El artículo 350 bis 3 permite el uso de los cuerpos con fines de docencia e investigación. “Tratándose de cadáveres de personas desconocidas, las instituciones educativas podrán obtenerlos del Ministerio Público o del establecimientos de prestación de servicios de atención médica o de asistencia social”.
De 2011 a marzo de 2013, ingresaron al Instituto de Ciencias Forenses del Tribunal Superior de Justicia del Distrito Federal 2 mil 406 cuerpos con identidad desconocida. Durante el mismo periodo se hicieron 174 envíos a la fosa común: 58 cuerpos, 83 miembros y 33 fetos. Unos seis cadáveres, fetos o miembros por mes.
Según información de Víctor Hugo Michel, periodista del diario Milenio, a nivel nacional los cadáveres anónimos sumaron 3 mil 662 entre enero de 2012 y julio de 2013. Desde 2011, 6 mil 496 cuerpos sin identificación han sido remitidos a las fosas comunes estatales.
En la Ciudad de México, el Panteón Civil de Dolores recibe a los cuerpos anónimos. Es la única fosa autorizada para la capital. Los cadáveres desconocidos se apilan en el mismo campo donde reciben honores los restos mortuorios de políticos, músicos, poetas, escritores, periodistas, pintores, intelectuales, educadores, científicos y militares: la Rotonda de las Personas Ilustres, monumento instalado en un hueco de las más de 240 hectáreas que conforman el panteón.

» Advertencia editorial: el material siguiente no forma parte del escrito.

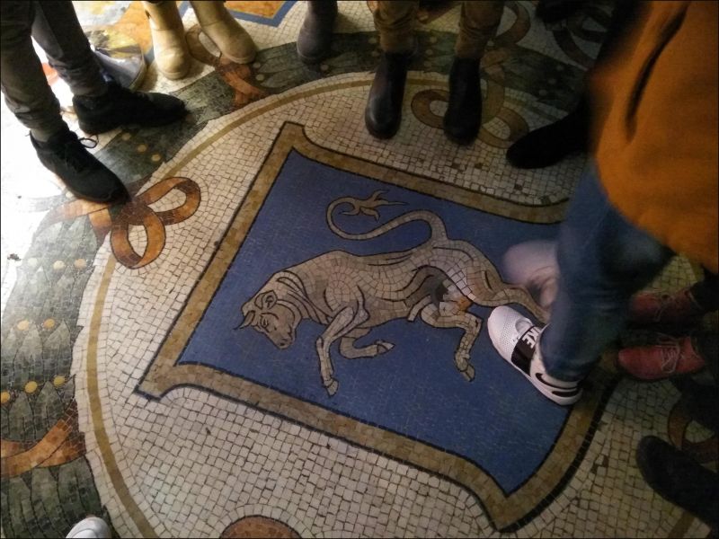 А ещё там круглогодично посетители вертятся на одной ноге прямо в центре пассажа! Это всё потому, что там на полу Туринский бык, исполняющий желания! Сфотографировать бычка может и не удастся – желающих повертеться на его причинном месте предостаточно! Причём сделать это нужно на пятке правой ноги 3 раза! Придумали это актёры, которые подрабатывали здесь во времена открытия галереи. Ритуал на удачу не только сохранился, но и стал очень популярным развлечением у туристов.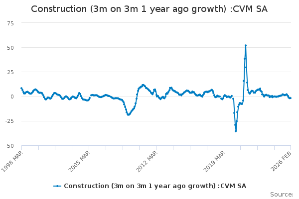 Download this time seriesConstruction (3m on 3m 1 year ago growth) :CVM SA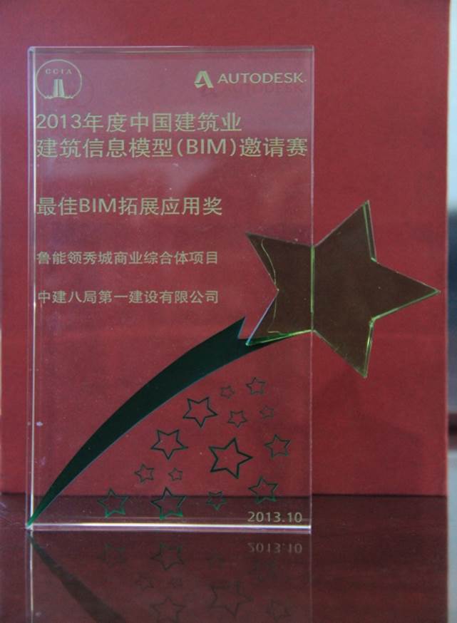 “2013年度中國建筑業建筑信息模型(BIM)邀請賽”,是由中國建筑業協會綠色施工分會與歐特克軟件(中國)有限公司聯合舉辦旨在落實國家綠色建筑方案、推動企業綠色施工技術改造升級,面向全行業各建設協會、設計及施工單位的高規格企業級專業賽事。賽事共設三項大獎――“最佳協同及數據互用獎”、“最佳拓展應用獎”、“最佳企業應用獎”。公司申報的《魯能領秀城商業綜合體項目――BIM技術的運用》,以其詳盡、全面、專業等特點,贏得了評委的認可,最終摘得“最佳拓展應用獎”。
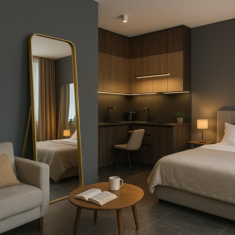 Дополните интерьер другими предметами из нашей коллекции, чтобы создать гармоничное и стильное пространство. Это зеркало — не просто функциональный элемент, а изысканная деталь, подчеркивающая ваш вкус.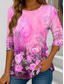 Damen T-Shirt Langarm Rundhalsausschnitt Langarm Tunika 3D Druck Floral Grafik Lässig Reguläre Tops Täglicher Druck Rosa Lila Grün Khaki Herbst Vorherbst

Se trata de los mausoleos de 104 hombres y mujeres, entre los que destacan Amado Nervo, Leona Vicario, Octavio Paz, Gerardo Murillo (Doctor Atl), David Alfaro Siqueiros, Gabino Barreda, Antonio Caso, Rosario Castellanos, José Clemente Orozco, Dolores del Río, Ricardo Flores Magón, Guillermo González Camarena, Agustín Lara, Sebastián Lerdo de Tejada, Ramón López Velarde, Francisco Montes de Oca, Juan O’Gorman, Diego Rivera, Silvestre Revueltas y Justo Sierra.

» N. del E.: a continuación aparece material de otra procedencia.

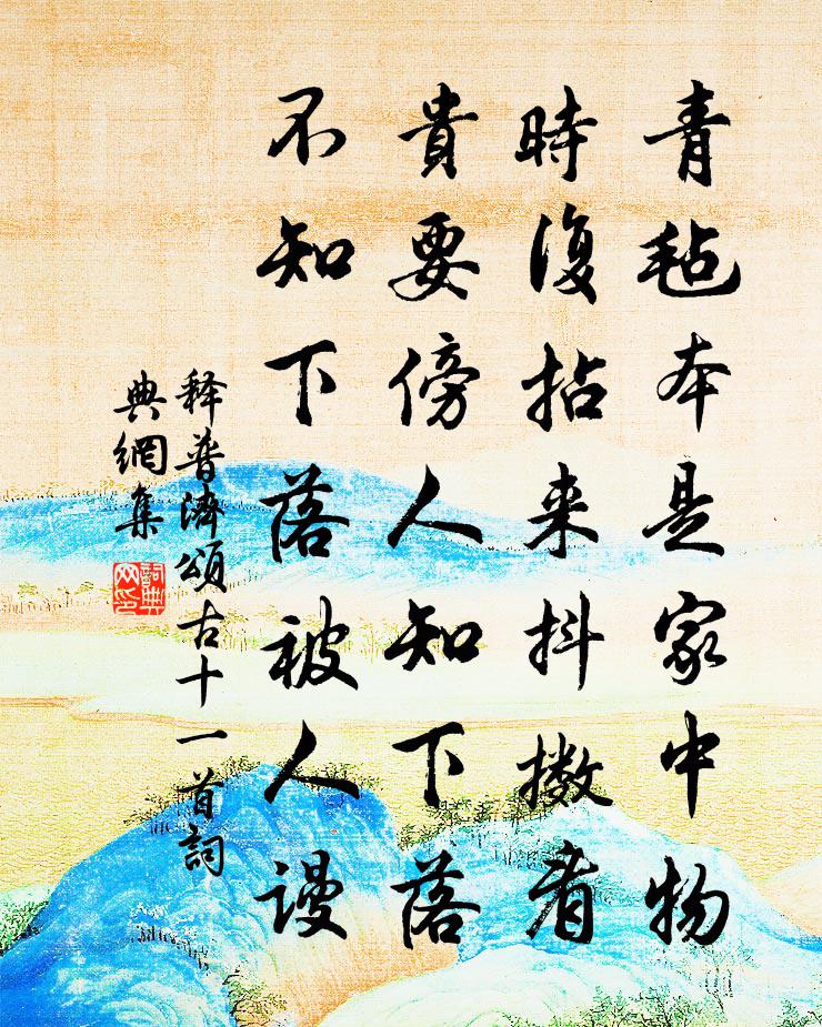 詩詞名句歷史字典書法欣賞書法字典國語詞典說文解字康熙字典古漢語字典標 題 作 者 詩 句 頌古十一首作者:釋普濟 朝代:宋代頌古十一首原文青氈本是家中物,時復拈來抖擻看。貴要傍人知下落,不知下落被人謾。詩詞問答問:頌古十一首的作者是誰?答:釋普濟問:頌古十一首寫於哪個朝代?答:宋代釋普濟頌古十一首書法欣賞頌古十一首書法作品詩詞推薦漁家傲(般涉)周邦彥〔宋代〕灰暖香融銷永晝。蒲萄架上春藤秀。曲角欄乾群雀斗。清明後。風梳萬縷亭前柳。日照釵梁光欲溜。循階竹粉沾衣句羅紹威〔唐代〕樓前澹澹雲頭日,簾外蕭蕭雨腳風。高士詠韓康吳筠〔唐代〕伯休抱遐心,隱括自為美。賣藥不二價,有名反深恥。安能受玄纁,秉願終素履。逃遁從所尚,蕭蕭絕塵軌。偈頌七十一首釋了惠〔宋代〕冰雪凍皮膚,麻麥餓腸肚。見日未嘗迷,見星安有悟。黃面老瞿曇,甜瓜成苦瓠。那更錯行山下路,一步兩步三四辛卯正月二日蝶軒蚤作舒岳祥〔宋代〕鴉背閃晴天,輕明紫翠煙。年將人老大,形志影周旋。鳥語催晨枕,梅花照夜編。池塘春草句,此意有誰傳。挽伏德華主簿陽枋〔宋代〕黌堂深惜昔,六典共尋源。合遂齊飛鶚,嘉逾競化鵾。紅顏君早去,白髮我空存。方寸千年事,悽然誰與論。南歌子趙攄〔元代〕澗草萋萋綠,林鶯恰恰啼。汀沙過雨便無泥。喚得芒鞋隨意、到前溪。浦漵渾堪畫,雲煙總是題。江湖老伴一蓑衣滿江紅·齊山繡春台吳潛〔宋代〕十二年前,曾上到、繡春台頂。雙腳健、不煩筇杖,透岩穿嶺。老去漸消狂氣習,重來依舊佳風景。想牧之、千載再和虞儔〔宋代〕天時人事日相煎,否泰俄驚在眼前。積閏盡歸冬十月, * 一似太初年。聯珠合璧猶重見,華發蒼顏益可憐。三撫閒中鄭剛中〔宋代〕須知造物有恩深,遺我閒中見物心。掠水高低鷗自在,過花先後燕相尋。門前父老忽聞語,種罷今年常值陰。秋熟長沙汪元量〔宋代〕洞庭過了浪猶高,河伯欣然止怒濤。傍岸買魚仍問米,登樓呼酒更持螯。湘汀暮雨幽蘭溼,野渡寒風古樹號。詩到頌古十三首釋德光〔宋代〕颺下采樵斧,直入碓坊舂。一腳踏到底,黃梅信息通。小歲日對酒吟錢湖州所寄詩白居易〔唐代〕獨酌無多興,閒吟有所思。一杯新歲酒,兩句故人詩。楊柳初黃日,髭鬚半白時。蹉跎春氣味,彼此老心知。吳必顯欲遠出謁故舊愬情悃賦二章贊其行曾豐〔宋代〕貧寧少壯貧,貧老卻難禁。兒女婚姻逼,風霜疾病侵。令渠常白眼,見子亦寒心。況是舊相識,人人義斷金。哭胡遇朱慶餘〔唐代〕尋僧昨日尚相隨,忽見緋幡意可知。題處舊詩休更讀,買來新馬憶曾騎。不應隨分空營奠,終擬求人與立碑。每向獨游西齋,寄崔主簿韋應物〔唐代〕同心忽已別,昨事方成昔。幽徑還獨尋,綠苔見行跡。秋齋正蕭散,煙水易昏夕。憂來結幾重,非君不可釋。世事戴復古〔宋代〕世事真如夢,人生不肯閒。利名雙轉轂,今古一憑欄。春水渡傍渡,夕陽山外山。吟邊思小范,共把此詩看。送趙奉禮宋庠〔宋代〕日出東郊郢路分,斑騅嘶斷悵離群。漢庭習蕝仙曹遠,楚驛攀梅使綬薰。蟻酎百壺凝桂溢,鵠歌三闕轉珠聞。登臨離亭燕(次韻答廖明略見寄)黃庭堅〔宋代〕十載樽前談笑。天祿故人年少。可是陸沈英俊地,看即鎖窗批詔。此處忽相逢,潦倒禿翁同調。西顧郎官湖渺。事導引詞 大金國志卷三十三金史卷四十,鼓吹邢具瞻〔元代〕五年一狩,仙仗到人間。稼穡艱難。蒼生洗眼秋光里,今日見天顏。金瓜玉斧沈煙。和舞蹈,六龍閒。歌謳道詠皆名句推薦奔車之上無仲尼,覆舟之下無伯夷。韓非及後人《韓非子·安危》 一水護田將綠繞,兩山排闥送青來王安石《書湖陰先生壁》 幾硯昔年游,於今成十秋。司馬光《送龔章判官之衛州·新及第》 可惜流年,憂愁風雨,樹猶如此!辛棄疾《水龍吟·登建康賞心亭》 眾人助之以力,近者結之以成,遠者譽之以名,尊者載之以勢。韓非及後人《韓非子·功名》 江山如有待,花柳自無私。杜甫《後游》 馬穿楊柳嘶,人倚鞦韆笑,探鶯花總教春醉倒。王磐《清江引·清明日出遊》 今日山城對垂淚,傷心不獨為悲秋。李益《上汝州郡樓》 贈遠虛盈手,傷離適斷腸。李商隱《十一月中旬至扶風界見梅花》 此去與師誰共到,一船明月一帆風。韋莊《送日本國僧敬龍歸》

No siempre ha sido fácil, “depende del humor del [agente del] Ministerio Público”, refieren Luis Enrique Hernández y Gerardo Rodríguez, de El Caracol, AC.

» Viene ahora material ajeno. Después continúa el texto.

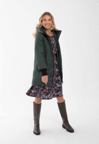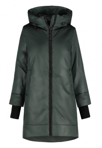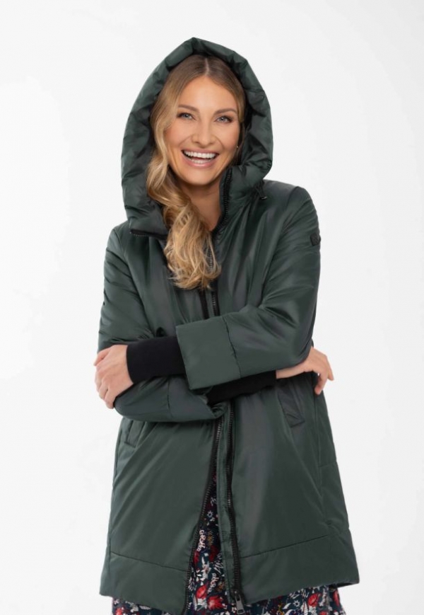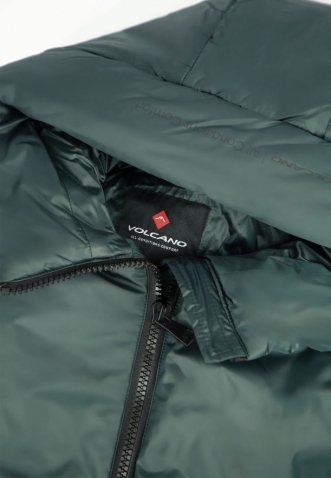 Zelený zimní kabát pro ženy, které ocení jednoduchý střih a pohodlí. Tento model s prodlouženým zadním dílem je ušitý z hladké lesklé látky, bez výrazných ozdobných prvků. Zdobení najdete pouze na kapuci a levém rukávu, kde je umístěn decentní černý nápis Volcano. I přes jednobarevnost má kabát výrazný charakter a umožní vám vystoupit z davu.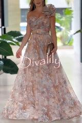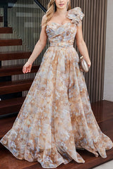 • This ethereal ball gown is perfect for weddings or daytime events. This flowing, long chiffon gown is striking in a romantic floral print accented with earth tones and blues. The elegant one-shoulder design is detailed with deep pleats and features a captivating sweetheart neckline. The A-line skirt ensures graceful movement with every step.Our distinctive clothing will add instant style to your wardrobe .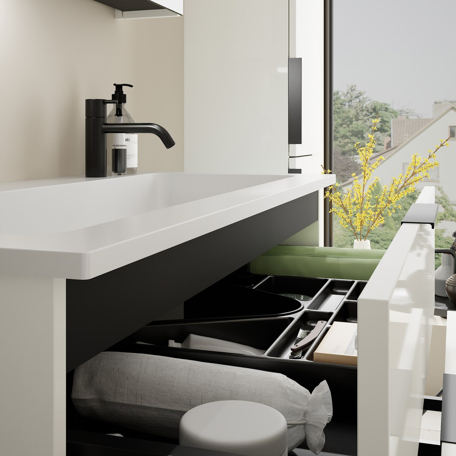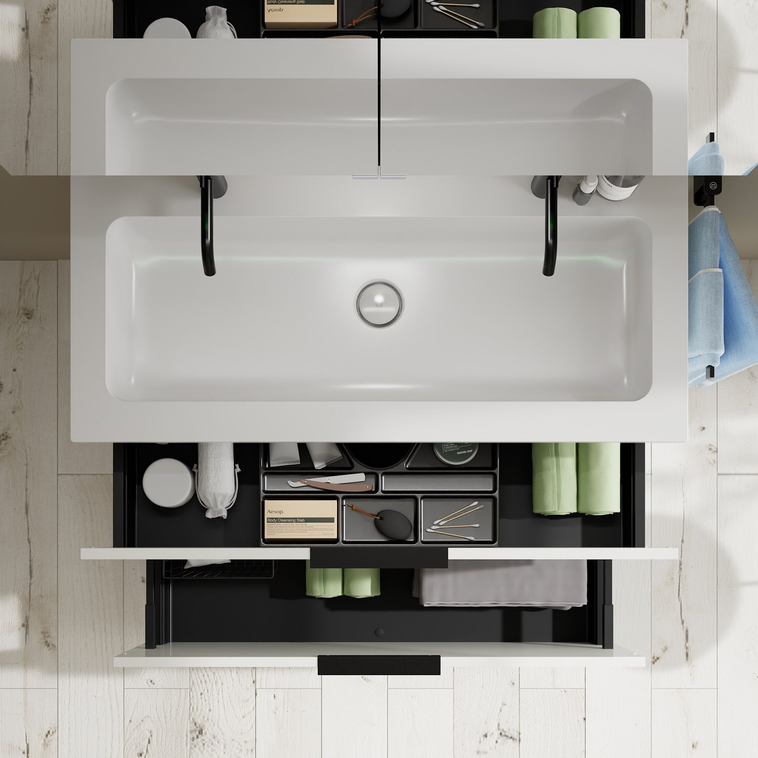 - 1 Schublade oben, 35 cm tief, mit Siphonausschnitt und Inneneinteilung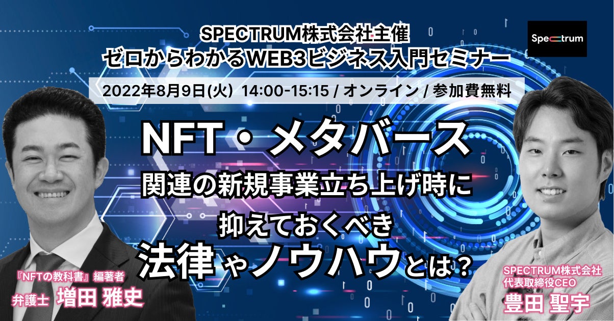 SPECTRUM × 『NFTの教科書』編著・増田雅史弁護士「NFT・メタバース関連の新規事業立ち上げ時に抑えておくべき法律やノウハウとは?」セミナー開催のお知らせ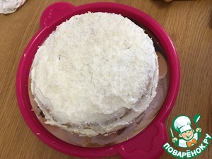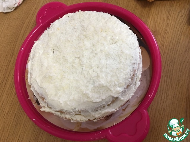Смазать кремом. Можете сделать только йогуртовую пропитку, будет ещё нежнее, здесь воля фантазии. Посыпать стружкой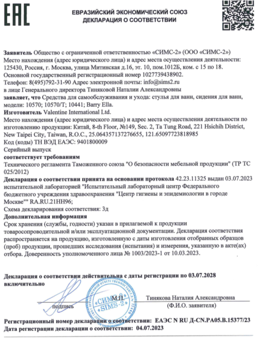 Купить Стул для ванной и душа для пожилых Barry Ella

Agregan que se trata de un tema de discriminación que han documentado como discriminación post mórtem. Es decir, “el desprecio que la persona sintió en vida, o la discriminación, estas actitudes de exclusión de no creerlos sujetos de derechos, traspasan al tema de su cuerpo. Esto se plantea como la dignidad del cuerpo. El cuerpo aún sin vida debe ser tratado con dignidad, y de ahí que es de manera milenaria el asunto de los honores mortuorios. Sean de la religión que profesen, siempre hay un rito al menos a la hora de enterrarlo. Ese rito mortuorio tiene que ver con el trato digno al cuerpo”.
Rubén Fuentes asumió el cargo en diciembre de 2012. En entrevista con Contralínea, acepta que dentro de los Cais muere gente, “por enfermedad o demás, es irremediable, pero son los menos. No tenemos un índice de mortandad que alarme”, pero a la fecha no ha recibido solicitud alguna de las organizaciones para sepultar los cuerpos. “Si fuera el caso, yo creo que no habría ningún inconveniente… Nosotros, como Instituto, no nos podemos hacer cargo del cuerpo”.
Para Luis Enrique Hernández, la falta de políticas para dar sepultura al cuerpo cuando se carece de recursos económicos es resultado de un vacío institucional que no sólo afecta a la población callejera, sino también a la población económicamente más desprotegida. “¿Cuántas veces no hemos visto que se suben al transporte público los familiares o amigos a pedir para el entierro?”, cuestiona.
El jurista Daniel Márquez le da la razón y argumenta que, como seres con una dignidad plena protegida por las leyes, los cadáveres merecen honores funerarios. Agrega el también experto en administración pública e investigador en el Instituto de Investigaciones Jurídicas de la Universidad Nacional Autónoma de México que debiera incorporarse al Reglamento de la Ley General de Salud la posibilidad de ofrecer estos honores.
El Caracol, AC, trabaja con la Procuraduría General de Justicia del Distrito Federal en un acuerdo que obligue, en caso de que un cuerpo de alguien que presumiblemente se encontraba en situación de calle llegue al Ministerio Público, dar aviso a organizaciones acreditadas para acompañar el proceso y evitar que vayan a la fosa común.